Data governance and enterprise sales is a moat. The harnesses aren’t.
But 1) people use other models with that same harness. 2) I moved on from Claude Code and all the features I cared for up and running in less than a couple days. Without even looking for available plugins or extensions.
I mean, if that’s the case, then Anthropic themselves are currently actively filling in that moat with nice, solid, walkable dirt. Claude Code may have been a moat 6 months ago but these days you’ll want to replace the “m” with a “bl”.
> just like there’s more market share by MacOS+WindowsOS over Linux Open Source.
It's hard to change OS. It's not hard to jump from one AI tool to another
Likewise Qwen 3.6 absolutely blows me away and that’s on a 35b 6-bit model on a local 5090. Same thing, busy trying to find stuff to do to keep it busy 24/7.
I can still find some niches for Opus 4.7 but being able to attack problems and not worry about consumption is a game changer.
I will say, as pointed out by others, DeepSeek and other Chinese providers still lack a bit in the tooling that Claude has, but they'll get there.
Even assuming this holds, what utility you gain by the best models depend completely by your workload. If you have tasks that require performance 10 and DeepSeek has 9, you will gladly pay for SotA models.
All of that will all be legacy in a couple of years. Today's B200 clusters are tomorrow's e-waste. Decentralization might happen gradually or abruptly. But to me it's obvious that we'll be thinking of high-tech tensor processors and GPUs the way we thought of individual transistors and tube amplifiers in the 1980s.

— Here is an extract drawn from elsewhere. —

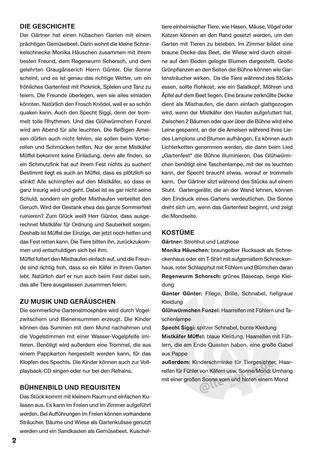 Mit Hilfe des umfangreichen Aufführungsmaterials und der Begleit-CD können Erzieher, Lehrer und Eltern einen ganz besonderen Höhepunkt bei Sommerfesten und Weihnachtsfeiern gestalten.

If AI turns out to be the revolution it purports to be, than the underlying hardware will change much more rapidly than it did with ICs and microprocessors in the late 1970s. Today's hot is tomorrow's junk.
No reason to expect Moore's observation to apply there (though, maybe?), but it will have big implications for power usage.
Hardware depreciation timescales are actually getting longer, not shorter, because frontier hardware like B200 clusters is highly bottlenecked. It's not just a RAMpocalypse out there, we're seeing early signs of production bottlenecks with GPUs and maybe even CPUs.
And even then, their is no stickiness. For most use cases there isn’t much value in one frontier model over the other.
Just have to look at the people flocking from one to the other for whatever reason.
The point isn’t that gpt is better, it’s that it is so much better for my work it isn’t even sticky, it’s reinforced concrete. I use opus 1% of the time because it writes better and it’s sticky there.
Yes I’ll switch approximately immediately if opus or Gemini (which I use more than opus!) is better for what I do, but at this point frontier model tokens are not fungible.
Over last year it seems that the only thing US labs are ahead is money spent. At least half of technical innovations if not more came from Chinese labs and was published openly.
This is not just about mainland China though. The current US government is extremely selfish and self-centered. Other countries really need to consider for their own long-term situation here.